In my experience, the only thing I really need from a DM's Screen are Skill DC's and damage expressions by level; coincidentally, everything that DMG p.42 originally set out. Here's what I've been using as a screen, printed out and glued to a peice of posterboard. Simple, easy, elegant.
I think that there are a lot of DM's out there who use the screen like Linus (from Peanuts) uses his blanket. It's a tool to hold on to, a physical object which gives you a form of emotional protection. The DM Screen might as well be called a shield; it protects the DM from the judging eyes of the players. It's an emotional brick wall. When you up alone at the head of the table, running the show for everyone's amusement (more on that on another post), it can get extremely intimidating. The screen gives you that demarkation, a symbol of authority that lets the DM rule from afar.

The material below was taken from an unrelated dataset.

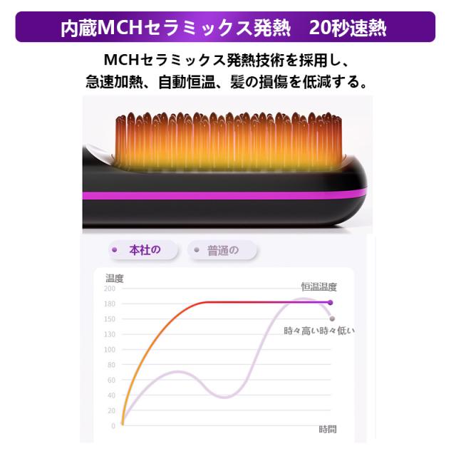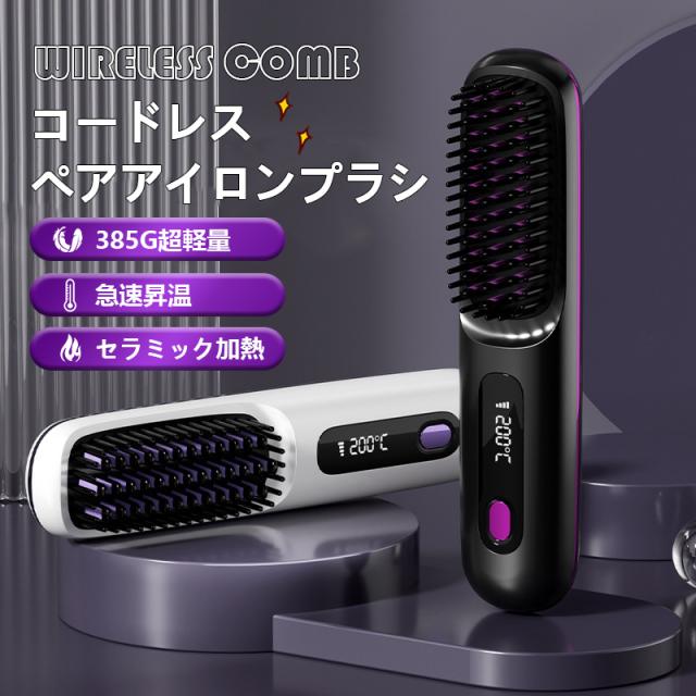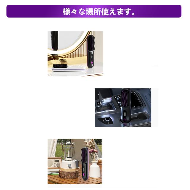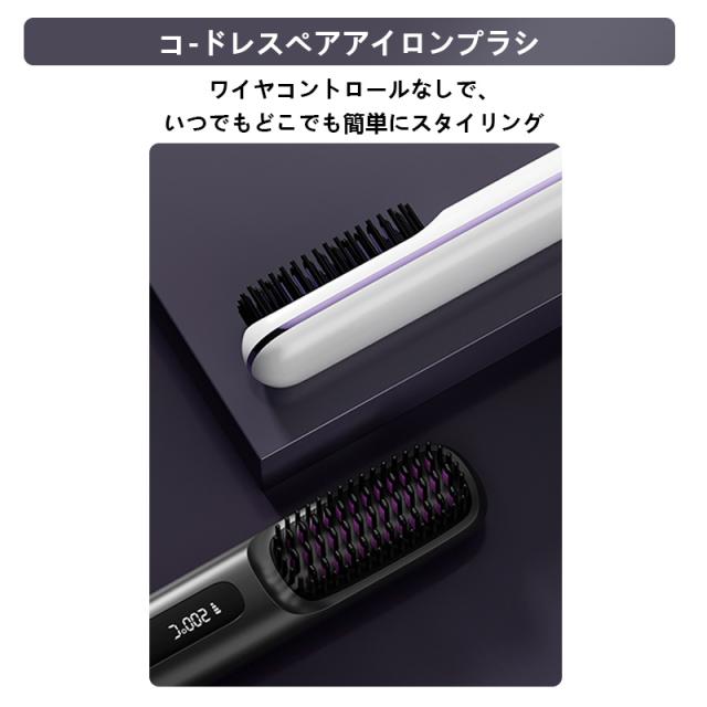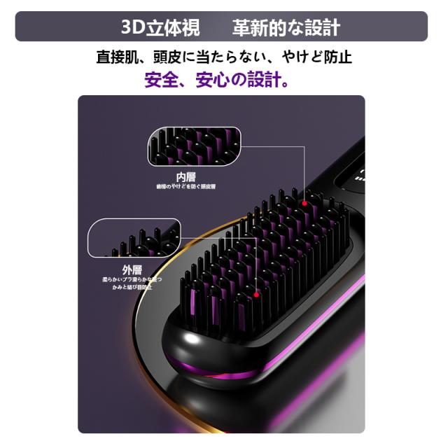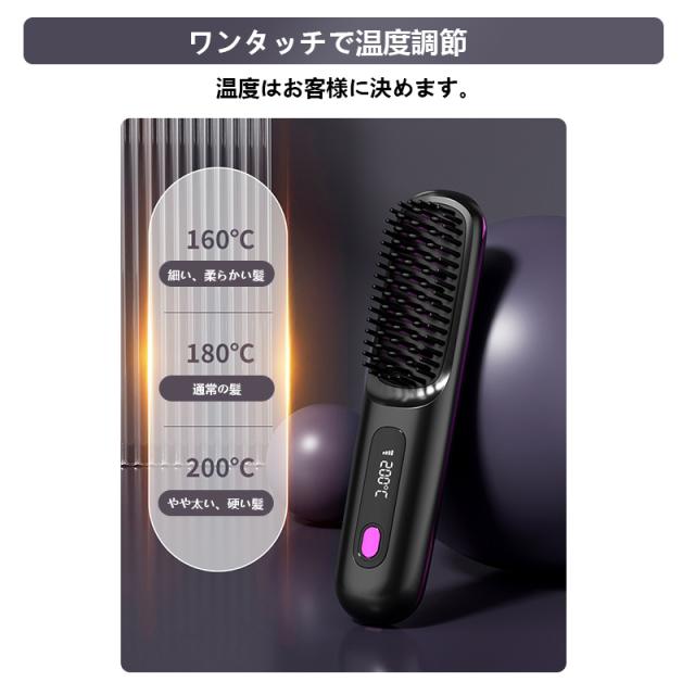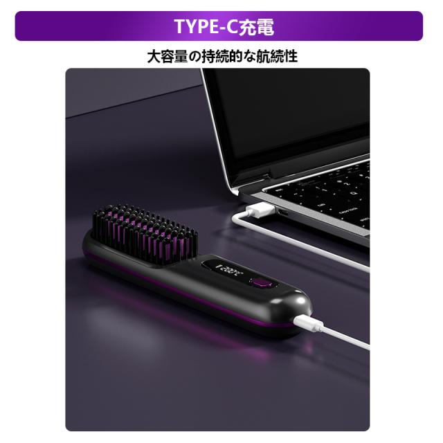 ヘアアイロン ストレートアイロン ヘアアイロンブラシ コードレス ヒートブラシ 携帯用 ヘアアイロン ブラシ 男女兼用 充電式 温度表示 コ-ドレス

Years ago, I briefly played in a D&D game in a public place; the back end of a coffee shop. The shop itself was great. I always really appreciated how accomodating there were to us and our weird hobby, and I always made sure I repaid that kindness with buying coffee and snacks from them during the session. I normally don't support gaming in public, I feel like it inhibits your creativity, roleplaying, and downright sillyness of a game by having strangers able to peek in on you. People did, in fact, ask questions to us while we were playing. One woman in particular asked something that always stuck with me and really struck a chord. She pointed to the DM at the time and asked, "Why is that man hiding from you?"
And there it was, the DM is hiding. He wasn't playing a game with us, he was playing a game at us. In the whole Gygaxian-TPK kind of vibe. The screen, it had set up our mindsets to be that way.
And so in this phase of my life, I use a flat "screen" that lays down next to my notes, or propped up off to the side, and I face my players eye-to-eye.